What is a camisole, history of origin

Historical

Some previously popular items of clothing were borrowed from Western countries. They appeared especially in large numbers during the reign of Peter I. They displaced elements of the national Russian costume among the nobility. One of these items of clothing was the camisole, a type of jacket worn under a caftan. Over the course of its existence, it has undergone many changes. But the essence remained - the camisole was worn over a shirt under a caftan or instead of it.

What is it

A type of men's clothing that is beautifully decorated at the front and peeks out from under the caftan is a camisole. It is a fitted long jacket or vest. Depending on the era and nationality, the word "camisole" was used to refer to different types of clothing:

  1. At first it was a knee-length jacket. It was sewn fitted and wide at the bottom. The sleeves were usually narrow, as the garment was worn under a caftan.
  2. During the time of Peter I, this was a mandatory item of clothing for the military. The uniform consisted of short trousers, a camisole worn over a shirt, buttoned up to the top. An unbuttoned caftan was thrown over the top.
  3. Later, the described item of clothing began to mean a fitted, long, sleeveless vest.
  4. Among the peoples of Asia - the Kazakhs, Tatars, and Kirghiz - the camisole was a part of not only men's but also women's clothing. It was a sleeveless or short-sleeved vest, mid-thigh length, fitted. It was made of velvet or brocade, and was always very bright and richly decorated. Women wore it over a dress.

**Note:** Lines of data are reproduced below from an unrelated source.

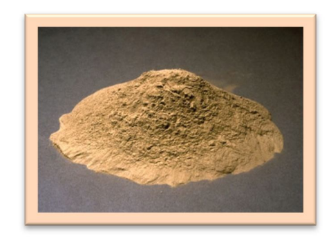
FIGURE 1: FLY ASH

particle ranging from 1 to 150 µm in diameter, of which the bulk passes through a 45- µm sieve.
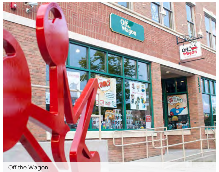
Off the Wagon

For more information, visit offthewagonshop.com
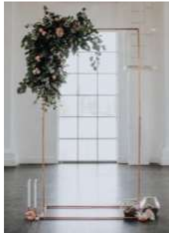
Copper Pipe Arch $145.00 each
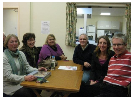
Winning team – "The Grapplers" from Graffham
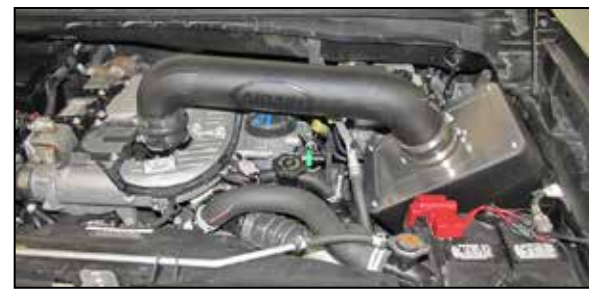
20. Double check your work!

Make sure there is no foreign material in the intake path. Make sure all clamps, hoses, bolts, and screws are tight. Double check the hood clearance!
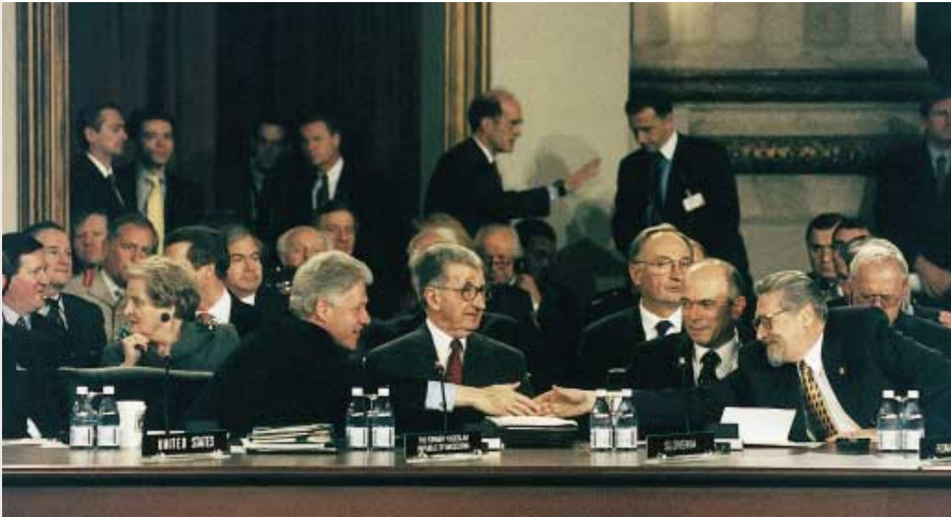
(Left to right) US President Bill Clinton reaches across President Kiro Gligorov of the former Yugoslav Republic of Macedonia (1) and Slovenian Prime Minister Janez Drnovsek to shake hands with Romanian President Emil Constantinescu. During the Washington Summit last April, the Allies met the leaders of the South-eastern countries neighbouring Serbia to launch work on a set of initiatives to enhance security in the region.
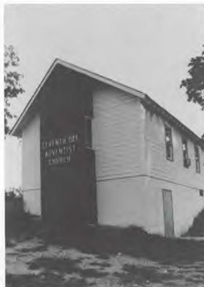
Richville, Missouri Church Building - soon to house a fully organized congregation.

Two "blessed events" are slated for the near future in the Iowa-Missouri Conference. A new company has been formed and a company is about to be organized into full church status.
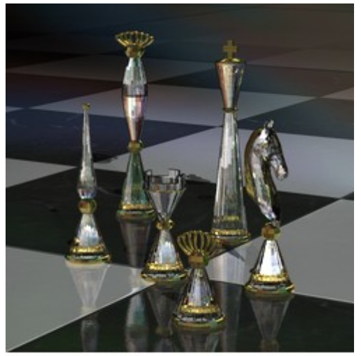
Ambient at 100%

When the materials load the ambient will be set to 250% which is good if you have other things in the scene that are obscuring parts of the prop from being reflected. Be aware however that to some extent the ambient reflections act almost like additional lighting in the scene.
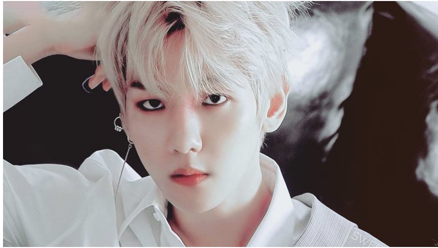
The male layer hairstyle is slightly curled
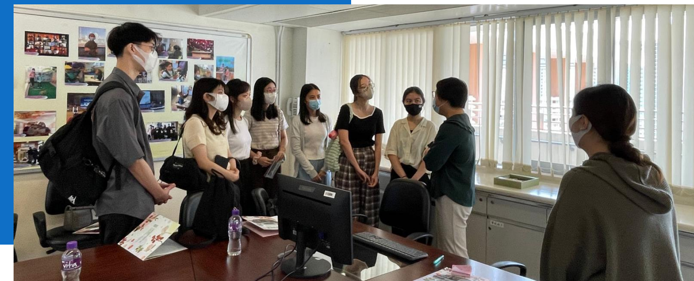
School visit: Cornwall School (Special school)
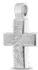
HF 114.180 Glossy H 2.4 cm
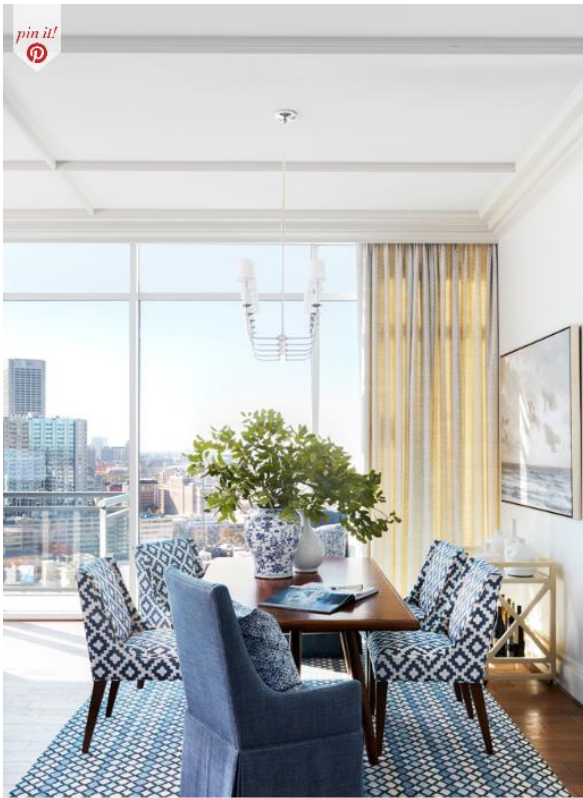
The horizontal light fixture in the dining room is hung higher than average so as not to block the view from the adjoining kitchen. Blue linen host chairs, Lee Industries. Chandelier, Visual Comfort.
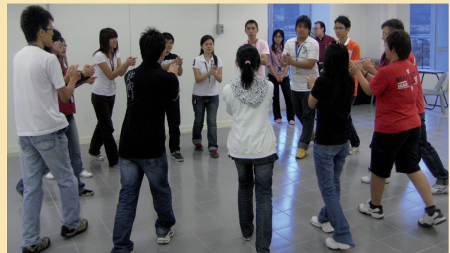
Team building activities.
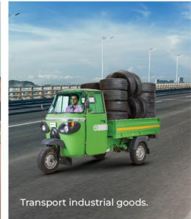
Transport industrial goods.
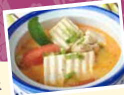
TOM KHA TOFU
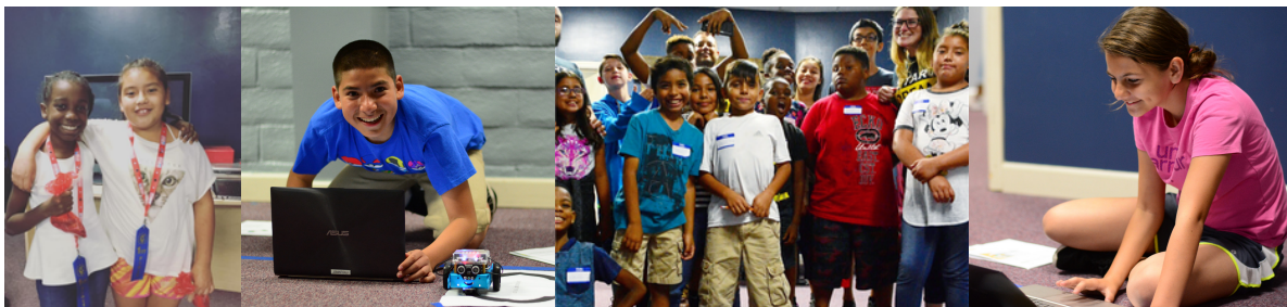
*Photos taken during our Robotics class 2017-2018

The goal of these classes is to increase interest in computer programming careers and increase diversity in the computer science workforce; ensuring that enough young people are inspired. At no cost to the students, Start Dream Big wants to expose them to an environment that unleashes their own potential, to disciple the next generation of community leaders to grow spiritually and gain life skills that will encourage them to lead in their homes, workplaces and communities.

The camisole, which was part of the noble costume, was made of cloth, satin, velvet or silk, depending on the situation or season. It was usually made of the same fabric as the caftan, making up a set. Since the item was rarely worn separately, the back was often made of canvas. Thanks to this, the person did not sweat. Sometimes there was lacing on the back, it was tightened to fit the figure so that the item fit tightly, but did not restrict movement.

The camisole was a very bright piece of clothing. Since its front part peeked out from under the caftan, it was richly decorated. The following decorative elements were used:

  • silk or sequin embroidery;
  • silver and gold thread galloons;
  • lots of beautiful buttons;
  • chenille - a fluffy silk cord;
  • metallic lace.

In the national costume of the Bashkirs and Tatars, the camisole was decorated with fur, bird feathers, beads, and coins.

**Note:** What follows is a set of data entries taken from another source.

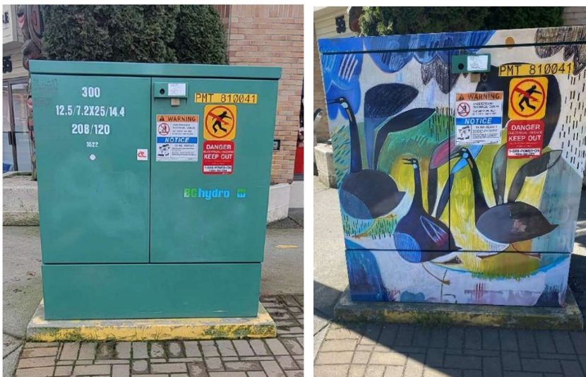
Duncan B.C., Broo Ha! Ha!
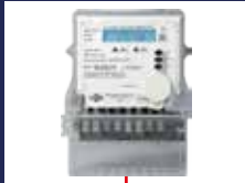
Net Meter for Solar Roof Top
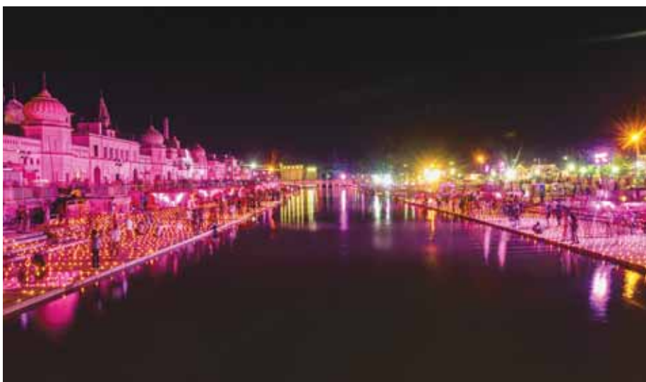
Devotees light lamps on Deepotsav at Ramghat on the eve of bhoomi puja of the Ram Temple in Ayodhya on Tuesday
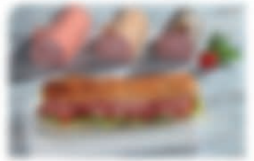
Die Fleischwarenindustrie hat in den letzten Jahren viele Neuerungen bei der Herstellung von Fleischwaren erlebt.

Die Fleischwarenindustrie hat in den letzten Jahren viele Neuerungen bei der Herstellung von Fleischwaren erlebt. Neben der Weiterentwicklung der Rezepturen und der Verarbeitungstechniken spielen auch die Verpackungslösungen eine wichtige Rolle. Ein Beispiel dafür sind die sogenannten Kochplättchen, die in der Gastronomie und im Einzelhandel immer beliebter werden. Diese Plättchen sind in der Regel aus Kunststoff oder Metall gefertigt und ermöglichen es, Fleischwaren in einer bestimmten Form und Größe zu präsentieren. Dies ist besonders für die Zubereitung von Sandwiches und Snacks geeignet. Die Verwendung von Kochplättchen hat auch Vorteile für die Hygiene und die Lebensdauer der Produkte. Durch die Verwendung von geeigneten Materialien und die Einhaltung von Hygienestandards können die Plättchen leicht zu reinigen und zu desinfizieren werden. Dies ist besonders wichtig, wenn sie für die Zubereitung von Fleischwaren verwendet werden. Die Verwendung von Kochplättchen ist auch eine Möglichkeit, die Präsentation der Produkte zu verbessern und sie attraktiver zu machen. Dies ist besonders für den Einzelhandel wichtig, um die Aufmerksamkeit der Kunden zu erregen. Insgesamt ist die Verwendung von Kochplättchen eine sinnvolle Investition für die Fleischwarenindustrie, um die Produktion von attraktiven und hygienischen Produkten zu ermöglichen.
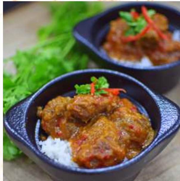
Malaysian lamb rendang, coriander and lime rice
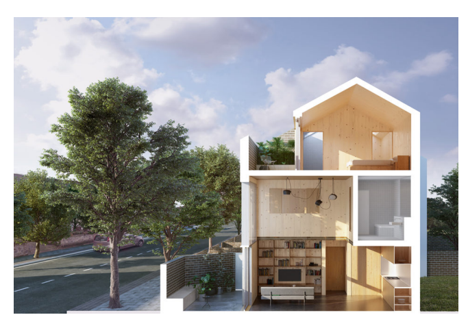
London, South London
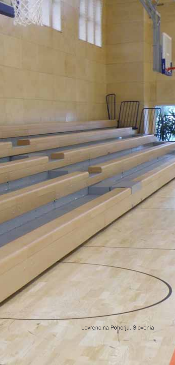
Lovrenc na Pohorju, Slovenia
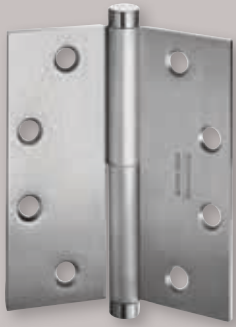
Two Knuckle Hinge, Flat Tips

The McKinney split finish offering allows you to customize your hinge to complement any building interior.
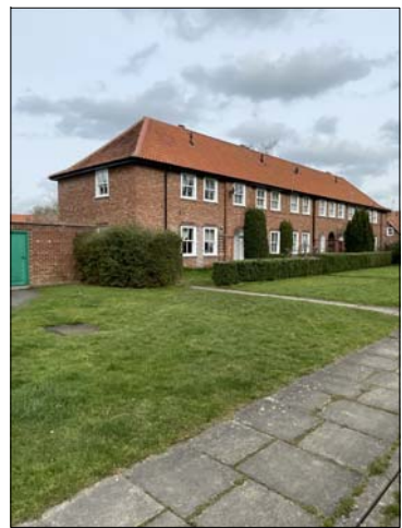
FRONT / SIDE ELEVATION ELEVATION 2 14 SYCAMORE PLACE
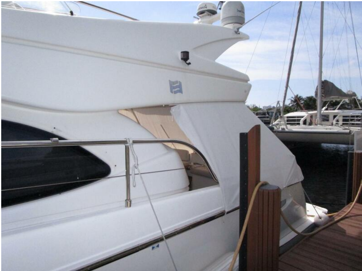
Aft Deck Curtains

Such a thing could be sewn from fabric with a printed pattern. Sometimes it was contrasting compared to the caftan, beautiful patch pockets were also sewn onto the item. A richly decorated camisole was an item of festive or evening wear. For every day, it was sewn from simple cloth.

History of creation

This type of clothing first appeared in France in the 17th century. From French, this word is translated as "jacket". The camisole quickly spread and by the 18th century it became an indispensable element of noble costume in many European countries. In Russia, this item of clothing appeared thanks to Peter I.

At that time, the camisole was a fitted jacket with long sleeves. At first, they were wide at the bottom and rolled up. Then they became narrow, so that it was easier to put on a caftan on top. Such a jacket was mid-thigh or knee-length, and flared out at the bottom. It was worn under a caftan, with the front part sticking out a little, so it was beautifully decorated.

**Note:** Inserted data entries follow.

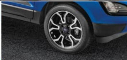
Diamond Cut R17(205/50 R17) Alloy Wheels

Other Features: Decal, Sporty Pedal, Front and Rear Bumper Applique.
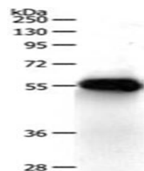
Western blot analysis of Gel: 10%SDS-PAG...
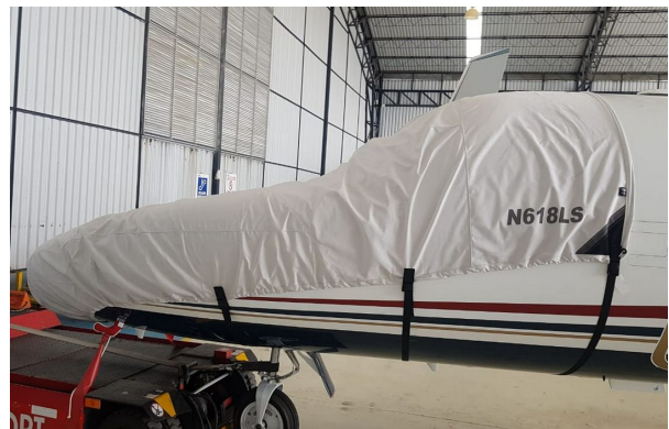
Citationjet 525B Cockpit/Nose Cover
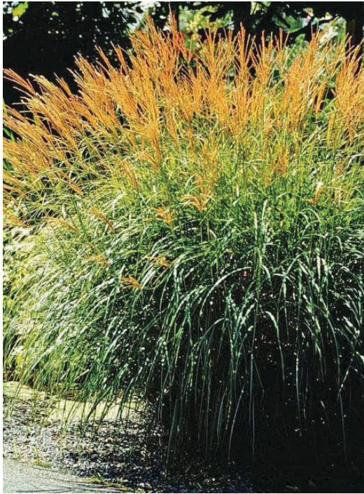
Figure 9. 'Arabesque' silver grass.
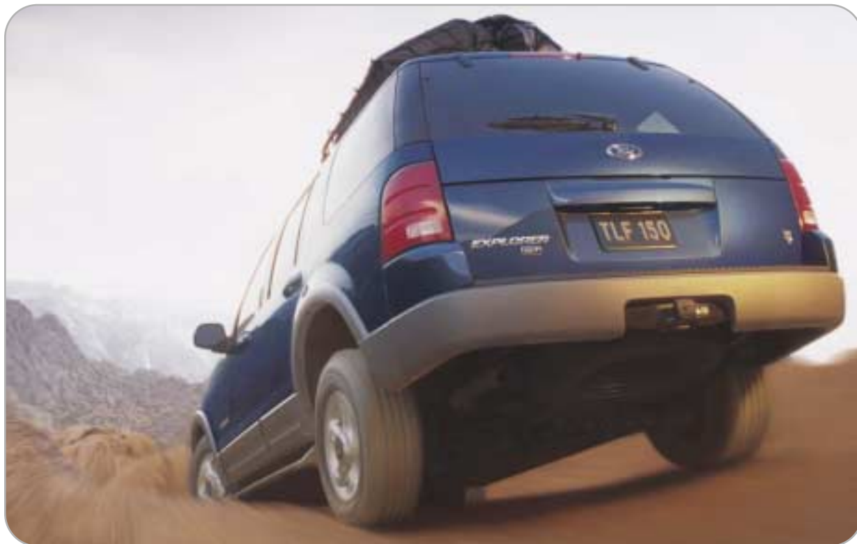
EXPLORER XLT 4X4, SHOWN WITH LOAD WARRIOR ACCESSORY.

The completely redesigned 2002 Explorer unites utility and agility with a completely redesigned rear suspension system and frame design – a combination that makes the ride smoother and the performance tighter and more responsive on-road and off-road. With its innovative (and patented) “porthole frame” design, Explorer now has an independent rear suspension rather than a solid rear axle – a feature you won’t find on our major competitors. The new system absorbs chunky road bumps to smooth out your ride. That feels good. So does this: It also helps optimize tire-to-pavement contact, and communicates important steering feedback to the driver, which both improve controllability.
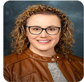
Senator Erin Grall Vero Beach, FL
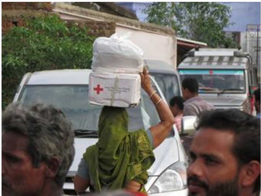
IRCS, through its pool of trained, volunteers, has reached the needs of the affected people in Odisha and Andhra Pradesh.

This outcome is achieved and activities have completed. The distribution of family packs in Odisha and Andhra Pradesh were completed in January 2014 and was reported in detail in DREF update no.3 . The planned lesson learnt workshop did not happen; however the experience and lessons learnt, mainly gaps identified in this operation, were shared through several rounds of discussion with IRCS NHQ and state branches.
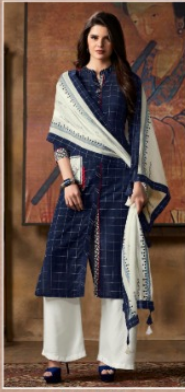
◆ D.No.2192 ◆
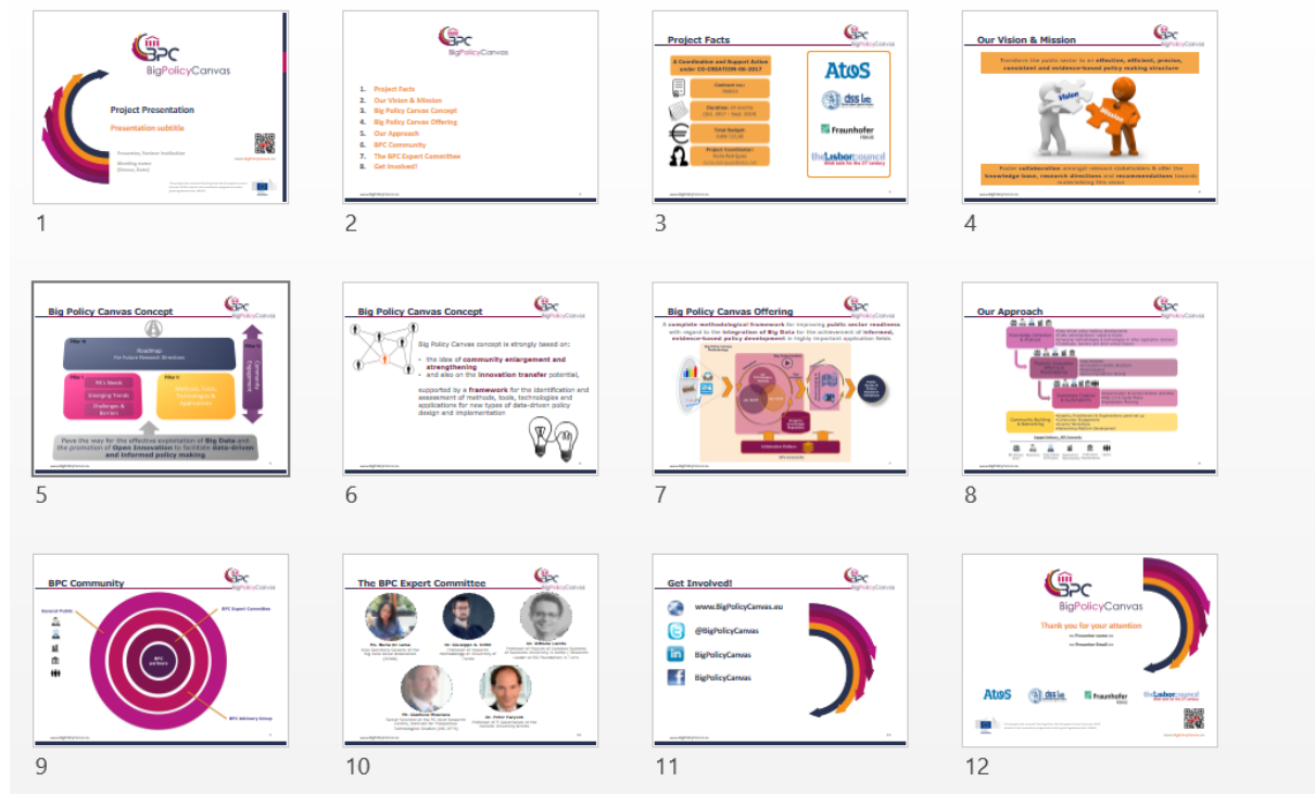
Figure 2-2: Big Policy Canvas project presentation

A Big Policy Canvas project presentation has been created like part of the different dissemination tools designed to support the Big Policy Canvas dissemination efforts. This presentation includes essential information about the project, such as the profile of the consortium, the project concept approach and the BPC Experts Committee. Additionally, it provides information on how to get involved in the BPC network.

Because such a camisole was worn with other things (under a caftan), it changed. The described garment became shorter, lost its widened lower part in the form of a basque. The sleeves also disappeared. From the end of the 18th century, it began to resemble a vest. It was also worn under a caftan and was usually made of the same material.

In the 19th century, under Paul I, the camisole became less popular, as this tsar banned all borrowings from European fashion. From elegant noble clothing, it turned into a waistcoat worn by the poor. The style also changed over time. At first, this wardrobe item was collarless. The upper part of the shirt or jabot was released from under it. Later, it acquired a stand-up collar. The fronts became short, often triangular.

In modern fashion

By the end of the 19th century, the camisole had completely changed and then went out of fashion. It is considered to be the predecessor of the modern waistcoat. The three-piece men's suit, which became widespread at the beginning of the 20th century, follows the trends of those times when a camisole was worn over a shirt and a caftan on top. Only these items of clothing turned into a waistcoat and jacket.

The waistcoat, unlike the camisole, became shorter. It could be not only fitted, but also wide, the product was no longer richly decorated. Minimalism and neutral dark colors came into fashion.

 Since the beginning of the 20th century, the word “camisole” is no longer used; it has become a historicism.

Today, this wardrobe item has been preserved in the Kazakh costume. National women's clothing, the main element of which is a camisole, is still popular. It is usually bright red or blue, decorated with beads, embroidery, and gold thread.

Many designers believe that the modern women's jacket also originated from this element of clothing. Its features can be seen in elongated jackets, trench coats and coats:

  • fitted silhouette;
  • long row of buttons;
  • large patch pockets;
  • the shelves are shorter than the back.

From the 17th to the 20th century, the camisole experienced periods of popularity and oblivion, during which time it underwent many changes. This word is no longer used, but modern women's jackets often resemble the old-fashioned garment.